15 dakika sonra oturum yeniden açıldı.
Önce SHP Genel Başkanı Erdal İnönü söz istedi.
Sonra DYP Genel Başkanı Süleyman Demirel.
"Partimize sataşma var, yanıt vereceğiz" dediler.
***
İnönü de Demirel de "ANAP'ı, hükümeti ve Keçeciler'i" eleştirdiler.
"İktidar her ülkede var... Saddam da iktidar" dediler.
Ve eklediler:
- Bir rejime demokrasi kimliği kazandıran, muhalefettir... Siz muhalefeti aşağılama hakkını nereden alıyorsunuz?
***
"Durumu açıklamak" ve "yarım kalan konuşmasını tamamlamak" üzere kürsüye Keçeciler çıktı:
* Ben "yavru" sözünü muhalefeti "tahkir ve tezyif" anlamında söylemedim.

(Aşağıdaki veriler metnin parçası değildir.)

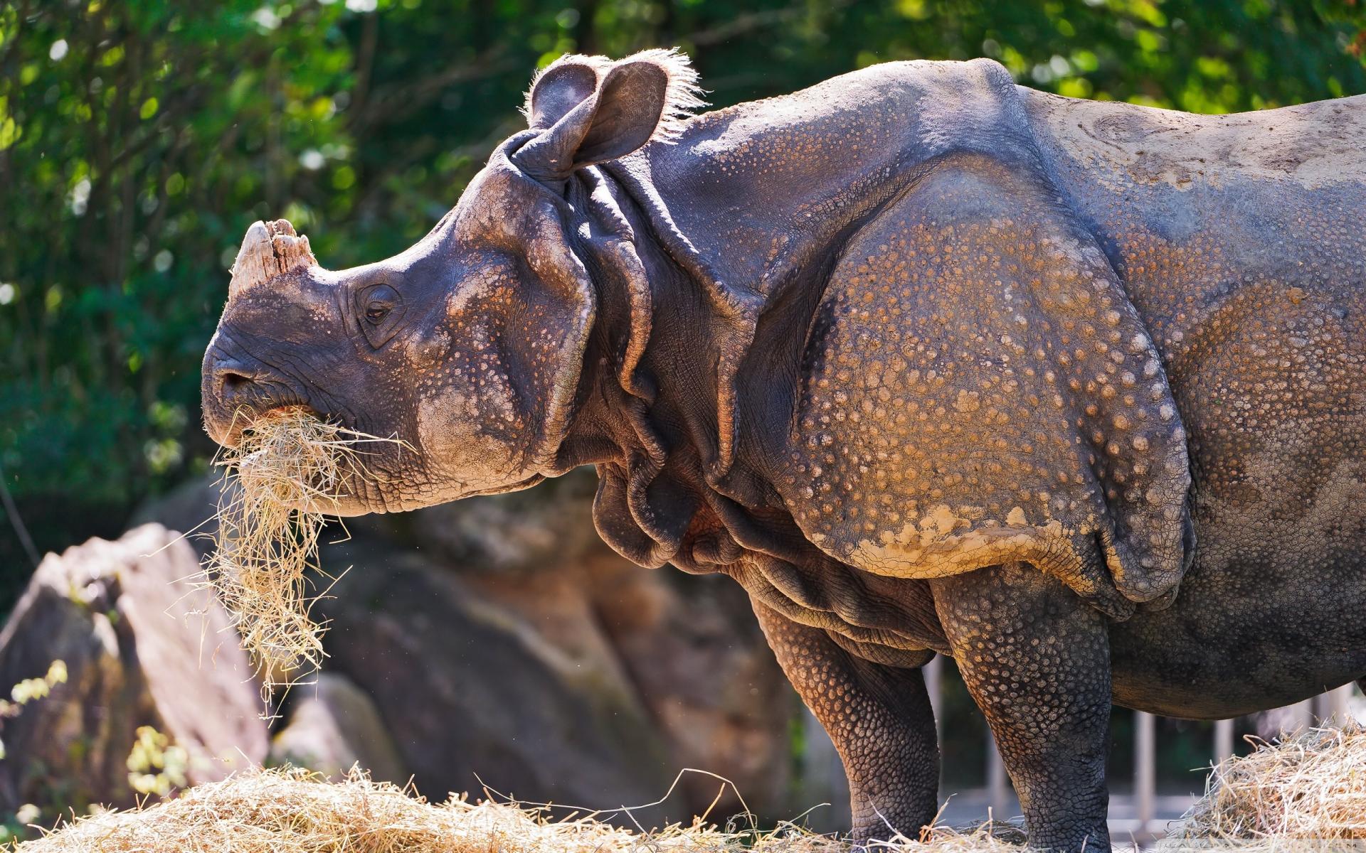 Wallpaper Rhinoceros with a grass

* "Yavru" masum ve sevimli bir kelimedir, neden kızdınız?
* Kıbrıs'a "Yavru Vatan" diyoruz... Yani Kıbrıs'a hakaret mi ediyoruz?
***
İktidar "alkışladı."
Muhalefet "homurdandı."
Ve "Meclis'te konu kapandı."
***
Ama daha sonra Turgut Özal da, ANAP'ın sözcüleri de, DYP'yi kızdırmak için her fırsatta "yavru muhalefet" demeye başladılar:
- Ne olacak, yavru muhalefet işte... Büyü de gel.